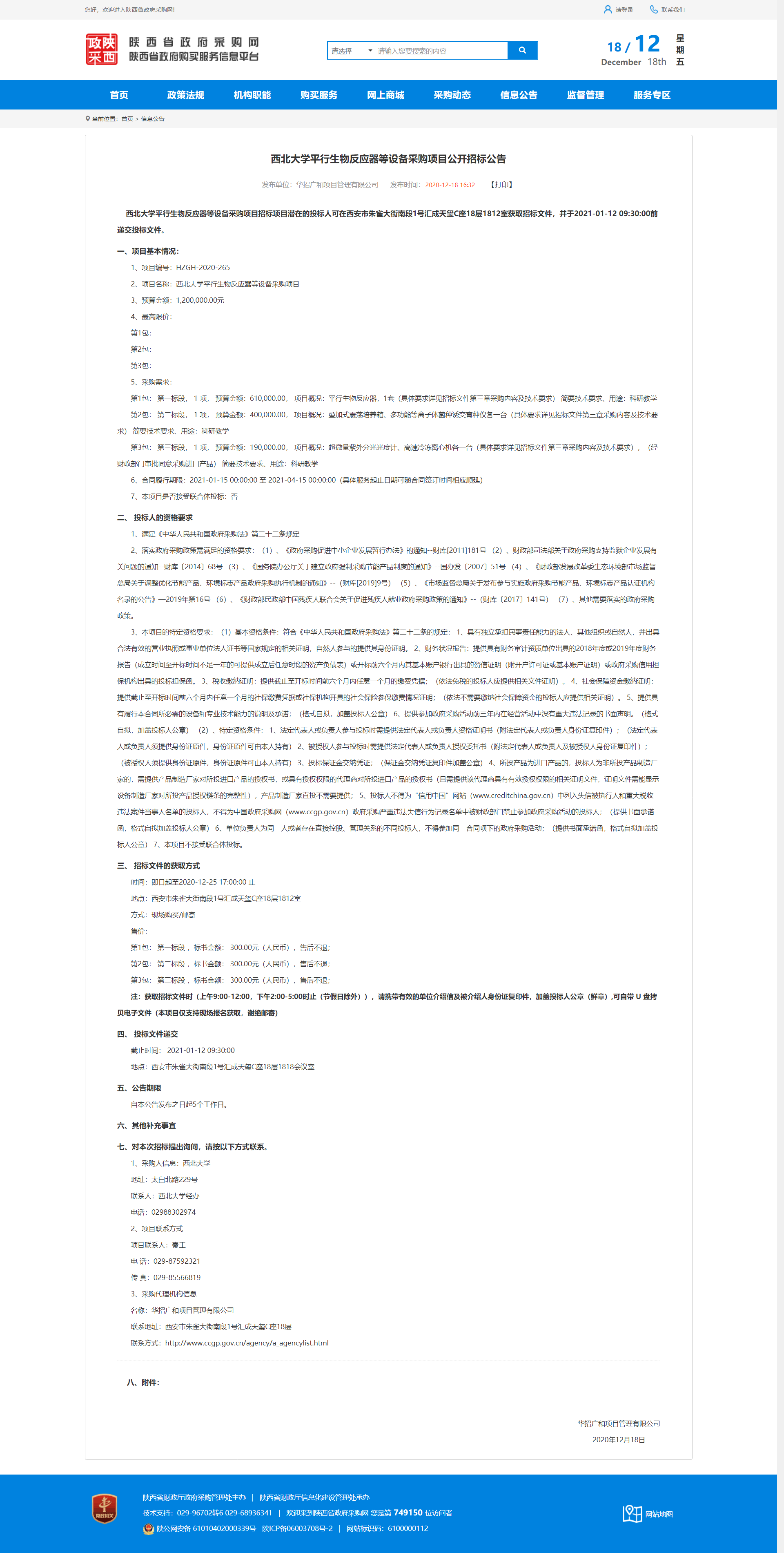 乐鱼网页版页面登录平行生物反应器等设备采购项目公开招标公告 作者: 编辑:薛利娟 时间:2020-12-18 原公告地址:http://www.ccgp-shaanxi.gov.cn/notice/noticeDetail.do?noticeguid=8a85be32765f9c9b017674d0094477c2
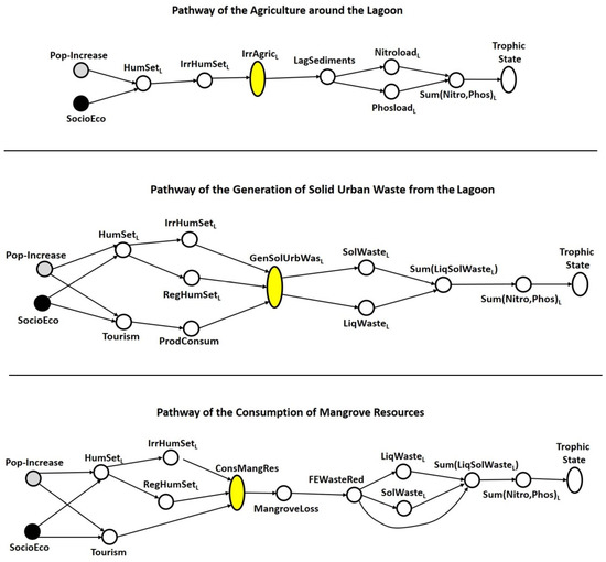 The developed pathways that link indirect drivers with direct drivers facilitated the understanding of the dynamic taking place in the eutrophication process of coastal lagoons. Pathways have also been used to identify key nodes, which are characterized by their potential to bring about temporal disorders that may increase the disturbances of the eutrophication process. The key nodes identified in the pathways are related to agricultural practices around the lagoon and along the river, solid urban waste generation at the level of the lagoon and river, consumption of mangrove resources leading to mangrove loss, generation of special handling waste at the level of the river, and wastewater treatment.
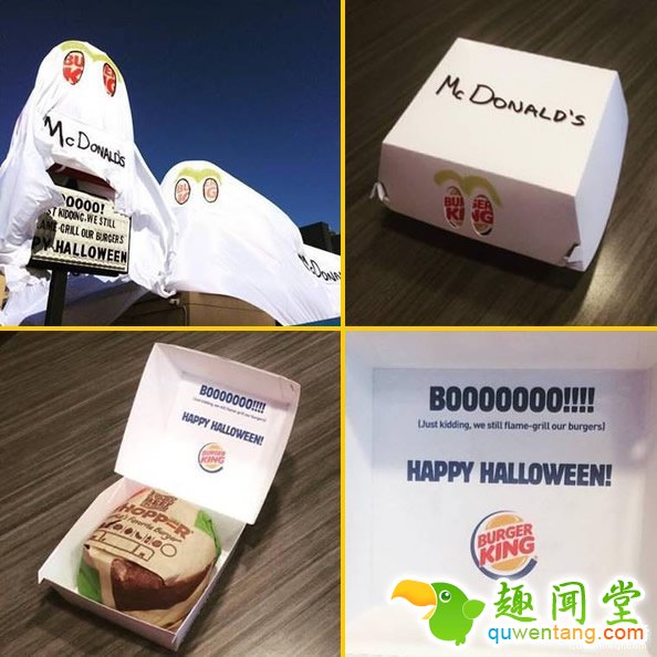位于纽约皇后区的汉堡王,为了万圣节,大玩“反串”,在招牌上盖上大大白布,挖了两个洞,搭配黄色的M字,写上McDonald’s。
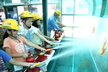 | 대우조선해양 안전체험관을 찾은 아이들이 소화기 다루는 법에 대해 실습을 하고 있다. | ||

-=-=-

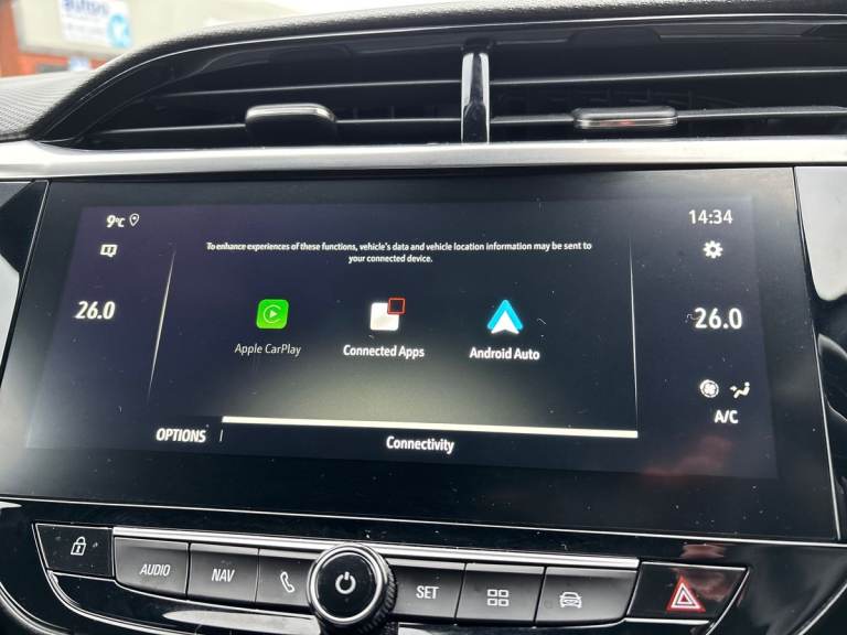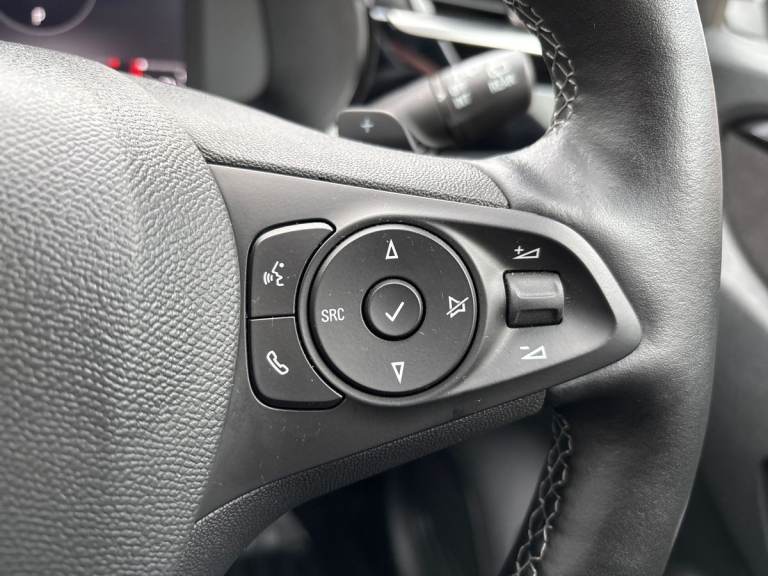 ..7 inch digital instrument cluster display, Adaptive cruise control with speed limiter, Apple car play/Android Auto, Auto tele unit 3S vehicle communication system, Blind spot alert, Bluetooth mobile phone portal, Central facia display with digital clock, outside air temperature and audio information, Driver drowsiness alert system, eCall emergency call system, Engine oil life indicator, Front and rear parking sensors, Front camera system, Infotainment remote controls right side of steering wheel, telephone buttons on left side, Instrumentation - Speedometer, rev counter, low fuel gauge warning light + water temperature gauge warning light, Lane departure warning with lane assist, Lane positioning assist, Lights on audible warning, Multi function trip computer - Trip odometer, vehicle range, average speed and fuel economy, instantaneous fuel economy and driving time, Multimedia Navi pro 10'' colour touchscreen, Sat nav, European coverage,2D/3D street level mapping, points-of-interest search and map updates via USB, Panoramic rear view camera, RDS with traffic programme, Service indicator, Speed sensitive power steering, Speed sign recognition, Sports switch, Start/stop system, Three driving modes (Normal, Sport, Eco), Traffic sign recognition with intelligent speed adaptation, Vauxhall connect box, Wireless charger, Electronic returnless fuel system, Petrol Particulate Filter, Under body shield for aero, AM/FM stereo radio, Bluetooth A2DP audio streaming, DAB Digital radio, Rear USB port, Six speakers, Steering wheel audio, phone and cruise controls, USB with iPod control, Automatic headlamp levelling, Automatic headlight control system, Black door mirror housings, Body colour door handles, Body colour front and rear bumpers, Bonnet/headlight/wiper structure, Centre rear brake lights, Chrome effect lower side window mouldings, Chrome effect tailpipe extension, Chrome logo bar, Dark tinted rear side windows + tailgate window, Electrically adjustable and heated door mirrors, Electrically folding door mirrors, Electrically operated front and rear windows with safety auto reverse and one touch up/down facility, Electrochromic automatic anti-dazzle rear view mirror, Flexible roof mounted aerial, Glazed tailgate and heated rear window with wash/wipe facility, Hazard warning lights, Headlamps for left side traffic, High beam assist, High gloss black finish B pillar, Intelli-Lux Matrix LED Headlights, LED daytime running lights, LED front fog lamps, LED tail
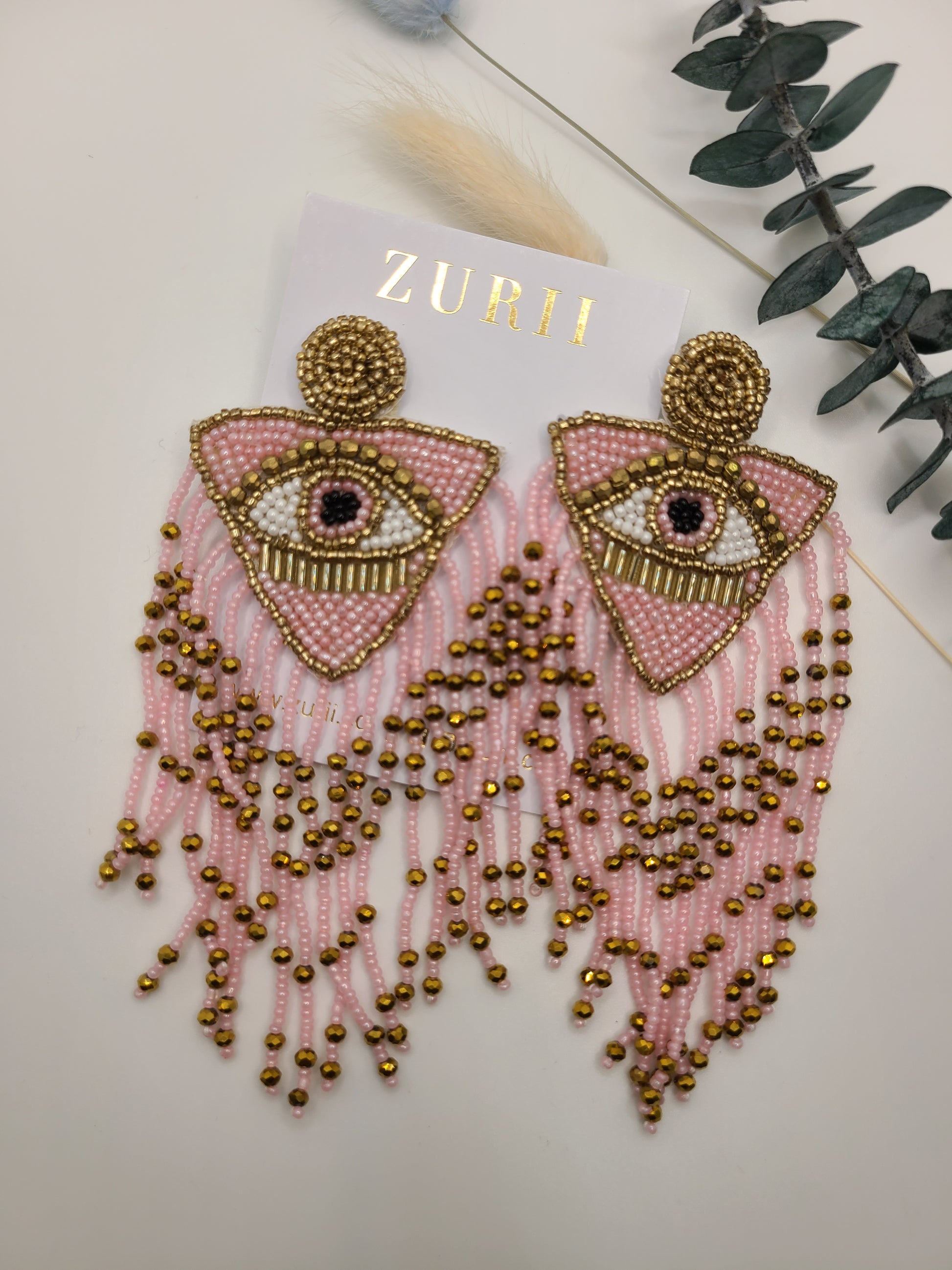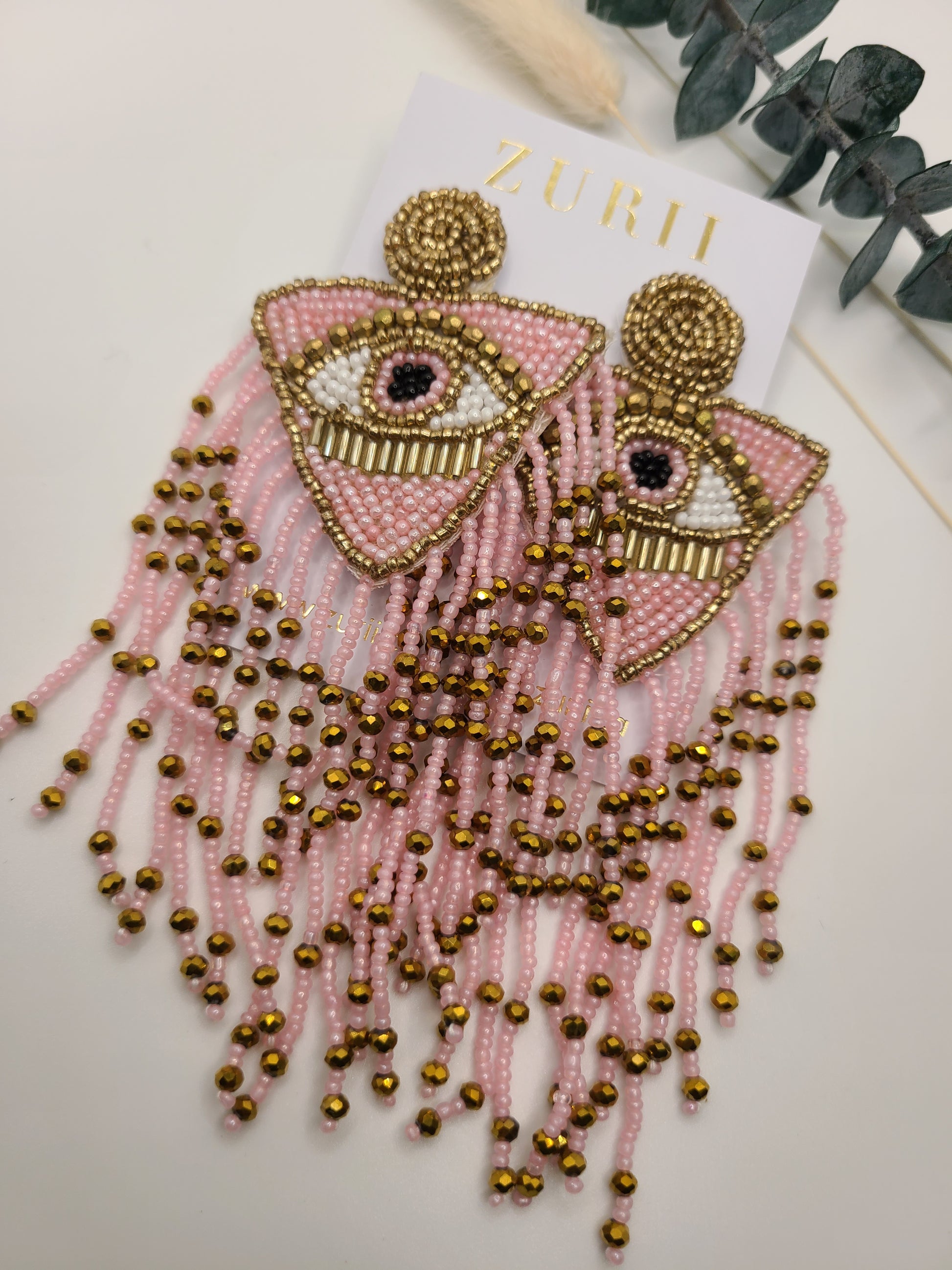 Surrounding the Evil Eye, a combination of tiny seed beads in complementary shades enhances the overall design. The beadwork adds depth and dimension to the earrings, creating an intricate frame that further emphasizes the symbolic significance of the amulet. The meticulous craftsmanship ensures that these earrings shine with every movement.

-=-=-

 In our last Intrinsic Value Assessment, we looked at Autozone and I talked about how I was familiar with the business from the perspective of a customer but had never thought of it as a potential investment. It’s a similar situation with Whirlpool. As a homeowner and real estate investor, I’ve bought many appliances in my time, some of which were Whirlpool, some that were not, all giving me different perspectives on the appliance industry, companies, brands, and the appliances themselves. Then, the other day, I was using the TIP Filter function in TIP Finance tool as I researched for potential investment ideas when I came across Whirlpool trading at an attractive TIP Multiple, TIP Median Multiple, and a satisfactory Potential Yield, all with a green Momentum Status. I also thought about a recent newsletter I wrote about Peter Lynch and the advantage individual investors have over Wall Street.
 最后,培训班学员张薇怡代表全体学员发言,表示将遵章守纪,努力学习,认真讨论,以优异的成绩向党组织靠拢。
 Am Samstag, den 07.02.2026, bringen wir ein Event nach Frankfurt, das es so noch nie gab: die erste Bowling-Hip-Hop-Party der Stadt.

-=-=-

Within the entries above, give again exactly the lines starting at the one that contains "位于纽约皇后区的汉堡王,为了" and ending at the one that contains "실습을 하고 있다. | ||", leaving out the pictures.

## Expected output
位于纽约皇后区的汉堡王,为了万圣节,大玩“反串”,在招牌上盖上大大白布,挖了两个洞,搭配黄色的M字,写上McDonald’s。
 | 대우조선해양 안전체험관을 찾은 아이들이 소화기 다루는 법에 대해 실습을 하고 있다. | ||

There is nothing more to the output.